Records from a data source:
+===+

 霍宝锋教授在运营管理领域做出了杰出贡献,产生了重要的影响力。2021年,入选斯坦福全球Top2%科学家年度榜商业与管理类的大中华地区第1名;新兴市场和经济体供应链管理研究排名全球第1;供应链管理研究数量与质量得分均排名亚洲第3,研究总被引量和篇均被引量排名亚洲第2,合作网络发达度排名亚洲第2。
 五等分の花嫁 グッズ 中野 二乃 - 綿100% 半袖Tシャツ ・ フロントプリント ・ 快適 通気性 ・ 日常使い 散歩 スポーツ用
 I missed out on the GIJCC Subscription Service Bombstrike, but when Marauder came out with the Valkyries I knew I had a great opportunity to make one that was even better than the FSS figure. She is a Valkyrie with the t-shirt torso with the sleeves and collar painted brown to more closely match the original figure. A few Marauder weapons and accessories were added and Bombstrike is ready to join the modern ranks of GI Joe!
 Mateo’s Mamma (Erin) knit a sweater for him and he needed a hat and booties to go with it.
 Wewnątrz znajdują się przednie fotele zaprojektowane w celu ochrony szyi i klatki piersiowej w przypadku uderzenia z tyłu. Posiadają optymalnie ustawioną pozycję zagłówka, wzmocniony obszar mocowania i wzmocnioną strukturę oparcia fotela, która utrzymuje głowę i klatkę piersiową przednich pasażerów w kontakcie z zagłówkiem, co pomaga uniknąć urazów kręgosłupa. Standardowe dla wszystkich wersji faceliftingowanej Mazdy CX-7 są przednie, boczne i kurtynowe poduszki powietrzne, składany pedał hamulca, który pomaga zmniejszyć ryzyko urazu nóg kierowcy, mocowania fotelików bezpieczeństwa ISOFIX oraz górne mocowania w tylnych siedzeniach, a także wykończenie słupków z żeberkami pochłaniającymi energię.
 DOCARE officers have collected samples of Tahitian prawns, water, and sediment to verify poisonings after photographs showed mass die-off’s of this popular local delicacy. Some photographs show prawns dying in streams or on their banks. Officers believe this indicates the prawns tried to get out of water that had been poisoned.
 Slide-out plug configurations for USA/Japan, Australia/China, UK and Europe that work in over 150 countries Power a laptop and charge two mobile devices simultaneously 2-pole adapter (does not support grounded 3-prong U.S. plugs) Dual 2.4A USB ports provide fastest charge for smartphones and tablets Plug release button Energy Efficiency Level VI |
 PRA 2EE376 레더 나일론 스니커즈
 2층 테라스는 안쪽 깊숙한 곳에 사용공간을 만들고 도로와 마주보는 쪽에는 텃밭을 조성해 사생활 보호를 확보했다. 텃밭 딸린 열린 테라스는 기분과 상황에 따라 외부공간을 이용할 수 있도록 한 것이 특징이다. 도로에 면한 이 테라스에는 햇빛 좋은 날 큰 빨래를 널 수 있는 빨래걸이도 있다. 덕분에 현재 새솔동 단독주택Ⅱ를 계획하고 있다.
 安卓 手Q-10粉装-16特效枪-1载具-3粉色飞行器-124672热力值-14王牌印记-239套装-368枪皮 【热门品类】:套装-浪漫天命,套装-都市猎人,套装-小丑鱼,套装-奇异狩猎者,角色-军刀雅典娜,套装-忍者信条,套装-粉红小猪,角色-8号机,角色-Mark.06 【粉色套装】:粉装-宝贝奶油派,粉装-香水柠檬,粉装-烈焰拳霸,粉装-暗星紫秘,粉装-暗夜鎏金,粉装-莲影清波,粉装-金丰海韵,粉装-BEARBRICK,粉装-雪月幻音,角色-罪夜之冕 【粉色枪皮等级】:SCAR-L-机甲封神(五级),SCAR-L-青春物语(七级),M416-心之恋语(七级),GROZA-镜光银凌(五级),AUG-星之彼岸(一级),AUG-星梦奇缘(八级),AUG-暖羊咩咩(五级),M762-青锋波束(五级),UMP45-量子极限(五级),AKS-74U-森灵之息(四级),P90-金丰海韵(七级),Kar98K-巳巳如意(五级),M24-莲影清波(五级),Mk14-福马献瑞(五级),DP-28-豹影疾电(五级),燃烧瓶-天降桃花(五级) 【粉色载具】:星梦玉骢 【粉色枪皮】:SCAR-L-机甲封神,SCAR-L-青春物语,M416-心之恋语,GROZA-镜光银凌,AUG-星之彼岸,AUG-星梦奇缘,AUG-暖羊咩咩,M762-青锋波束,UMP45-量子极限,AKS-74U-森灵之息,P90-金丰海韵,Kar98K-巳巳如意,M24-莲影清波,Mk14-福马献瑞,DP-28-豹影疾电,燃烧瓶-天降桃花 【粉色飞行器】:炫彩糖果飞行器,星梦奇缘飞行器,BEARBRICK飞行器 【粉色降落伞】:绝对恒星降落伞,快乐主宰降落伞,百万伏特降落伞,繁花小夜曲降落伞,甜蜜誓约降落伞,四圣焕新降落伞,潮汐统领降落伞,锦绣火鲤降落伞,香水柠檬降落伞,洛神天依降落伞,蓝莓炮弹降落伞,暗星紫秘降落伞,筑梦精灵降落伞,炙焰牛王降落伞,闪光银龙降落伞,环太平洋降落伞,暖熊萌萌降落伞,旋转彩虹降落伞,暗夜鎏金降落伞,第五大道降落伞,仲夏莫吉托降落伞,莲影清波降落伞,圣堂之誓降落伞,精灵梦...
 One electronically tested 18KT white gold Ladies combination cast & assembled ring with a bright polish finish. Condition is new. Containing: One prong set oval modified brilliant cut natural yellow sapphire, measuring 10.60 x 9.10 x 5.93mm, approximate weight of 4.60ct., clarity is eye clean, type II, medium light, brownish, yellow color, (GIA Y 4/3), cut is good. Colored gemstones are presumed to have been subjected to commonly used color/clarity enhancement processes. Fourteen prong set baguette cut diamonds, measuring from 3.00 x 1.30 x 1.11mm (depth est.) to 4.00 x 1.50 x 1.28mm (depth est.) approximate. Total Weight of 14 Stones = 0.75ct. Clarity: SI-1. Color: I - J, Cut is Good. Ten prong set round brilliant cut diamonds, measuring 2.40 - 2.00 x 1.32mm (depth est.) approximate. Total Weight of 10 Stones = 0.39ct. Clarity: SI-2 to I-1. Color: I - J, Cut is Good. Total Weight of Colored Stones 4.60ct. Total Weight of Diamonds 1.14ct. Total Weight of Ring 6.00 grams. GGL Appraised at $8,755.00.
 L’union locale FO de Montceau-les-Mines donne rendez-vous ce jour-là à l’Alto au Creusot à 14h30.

+===+

EXERCISE GOAL: Write every record out again exactly.

ANSWER FOR THIS EXERCISE:
 霍宝锋教授在运营管理领域做出了杰出贡献,产生了重要的影响力。2021年,入选斯坦福全球Top2%科学家年度榜商业与管理类的大中华地区第1名;新兴市场和经济体供应链管理研究排名全球第1;供应链管理研究数量与质量得分均排名亚洲第3,研究总被引量和篇均被引量排名亚洲第2,合作网络发达度排名亚洲第2。
 五等分の花嫁 グッズ 中野 二乃 - 綿100% 半袖Tシャツ ・ フロントプリント ・ 快適 通気性 ・ 日常使い 散歩 スポーツ用
 I missed out on the GIJCC Subscription Service Bombstrike, but when Marauder came out with the Valkyries I knew I had a great opportunity to make one that was even better than the FSS figure. She is a Valkyrie with the t-shirt torso with the sleeves and collar painted brown to more closely match the original figure. A few Marauder weapons and accessories were added and Bombstrike is ready to join the modern ranks of GI Joe!
 Mateo’s Mamma (Erin) knit a sweater for him and he needed a hat and booties to go with it.
 Wewnątrz znajdują się przednie fotele zaprojektowane w celu ochrony szyi i klatki piersiowej w przypadku uderzenia z tyłu. Posiadają optymalnie ustawioną pozycję zagłówka, wzmocniony obszar mocowania i wzmocnioną strukturę oparcia fotela, która utrzymuje głowę i klatkę piersiową przednich pasażerów w kontakcie z zagłówkiem, co pomaga uniknąć urazów kręgosłupa. Standardowe dla wszystkich wersji faceliftingowanej Mazdy CX-7 są przednie, boczne i kurtynowe poduszki powietrzne, składany pedał hamulca, który pomaga zmniejszyć ryzyko urazu nóg kierowcy, mocowania fotelików bezpieczeństwa ISOFIX oraz górne mocowania w tylnych siedzeniach, a także wykończenie słupków z żeberkami pochłaniającymi energię.
 DOCARE officers have collected samples of Tahitian prawns, water, and sediment to verify poisonings after photographs showed mass die-off’s of this popular local delicacy. Some photographs show prawns dying in streams or on their banks. Officers believe this indicates the prawns tried to get out of water that had been poisoned.
 Slide-out plug configurations for USA/Japan, Australia/China, UK and Europe that work in over 150 countries Power a laptop and charge two mobile devices simultaneously 2-pole adapter (does not support grounded 3-prong U.S. plugs) Dual 2.4A USB ports provide fastest charge for smartphones and tablets Plug release button Energy Efficiency Level VI |
 PRA 2EE376 레더 나일론 스니커즈
 2층 테라스는 안쪽 깊숙한 곳에 사용공간을 만들고 도로와 마주보는 쪽에는 텃밭을 조성해 사생활 보호를 확보했다. 텃밭 딸린 열린 테라스는 기분과 상황에 따라 외부공간을 이용할 수 있도록 한 것이 특징이다. 도로에 면한 이 테라스에는 햇빛 좋은 날 큰 빨래를 널 수 있는 빨래걸이도 있다. 덕분에 현재 새솔동 단독주택Ⅱ를 계획하고 있다.
 安卓 手Q-10粉装-16特效枪-1载具-3粉色飞行器-124672热力值-14王牌印记-239套装-368枪皮 【热门品类】:套装-浪漫天命,套装-都市猎人,套装-小丑鱼,套装-奇异狩猎者,角色-军刀雅典娜,套装-忍者信条,套装-粉红小猪,角色-8号机,角色-Mark.06 【粉色套装】:粉装-宝贝奶油派,粉装-香水柠檬,粉装-烈焰拳霸,粉装-暗星紫秘,粉装-暗夜鎏金,粉装-莲影清波,粉装-金丰海韵,粉装-BEARBRICK,粉装-雪月幻音,角色-罪夜之冕 【粉色枪皮等级】:SCAR-L-机甲封神(五级),SCAR-L-青春物语(七级),M416-心之恋语(七级),GROZA-镜光银凌(五级),AUG-星之彼岸(一级),AUG-星梦奇缘(八级),AUG-暖羊咩咩(五级),M762-青锋波束(五级),UMP45-量子极限(五级),AKS-74U-森灵之息(四级),P90-金丰海韵(七级),Kar98K-巳巳如意(五级),M24-莲影清波(五级),Mk14-福马献瑞(五级),DP-28-豹影疾电(五级),燃烧瓶-天降桃花(五级) 【粉色载具】:星梦玉骢 【粉色枪皮】:SCAR-L-机甲封神,SCAR-L-青春物语,M416-心之恋语,GROZA-镜光银凌,AUG-星之彼岸,AUG-星梦奇缘,AUG-暖羊咩咩,M762-青锋波束,UMP45-量子极限,AKS-74U-森灵之息,P90-金丰海韵,Kar98K-巳巳如意,M24-莲影清波,Mk14-福马献瑞,DP-28-豹影疾电,燃烧瓶-天降桃花 【粉色飞行器】:炫彩糖果飞行器,星梦奇缘飞行器,BEARBRICK飞行器 【粉色降落伞】:绝对恒星降落伞,快乐主宰降落伞,百万伏特降落伞,繁花小夜曲降落伞,甜蜜誓约降落伞,四圣焕新降落伞,潮汐统领降落伞,锦绣火鲤降落伞,香水柠檬降落伞,洛神天依降落伞,蓝莓炮弹降落伞,暗星紫秘降落伞,筑梦精灵降落伞,炙焰牛王降落伞,闪光银龙降落伞,环太平洋降落伞,暖熊萌萌降落伞,旋转彩虹降落伞,暗夜鎏金降落伞,第五大道降落伞,仲夏莫吉托降落伞,莲影清波降落伞,圣堂之誓降落伞,精灵梦...
 One electronically tested 18KT white gold Ladies combination cast & assembled ring with a bright polish finish. Condition is new. Containing: One prong set oval modified brilliant cut natural yellow sapphire, measuring 10.60 x 9.10 x 5.93mm, approximate weight of 4.60ct., clarity is eye clean, type II, medium light, brownish, yellow color, (GIA Y 4/3), cut is good. Colored gemstones are presumed to have been subjected to commonly used color/clarity enhancement processes. Fourteen prong set baguette cut diamonds, measuring from 3.00 x 1.30 x 1.11mm (depth est.) to 4.00 x 1.50 x 1.28mm (depth est.) approximate. Total Weight of 14 Stones = 0.75ct. Clarity: SI-1. Color: I - J, Cut is Good. Ten prong set round brilliant cut diamonds, measuring 2.40 - 2.00 x 1.32mm (depth est.) approximate. Total Weight of 10 Stones = 0.39ct. Clarity: SI-2 to I-1. Color: I - J, Cut is Good. Total Weight of Colored Stones 4.60ct. Total Weight of Diamonds 1.14ct. Total Weight of Ring 6.00 grams. GGL Appraised at $8,755.00.
 L’union locale FO de Montceau-les-Mines donne rendez-vous ce jour-là à l’Alto au Creusot à 14h30.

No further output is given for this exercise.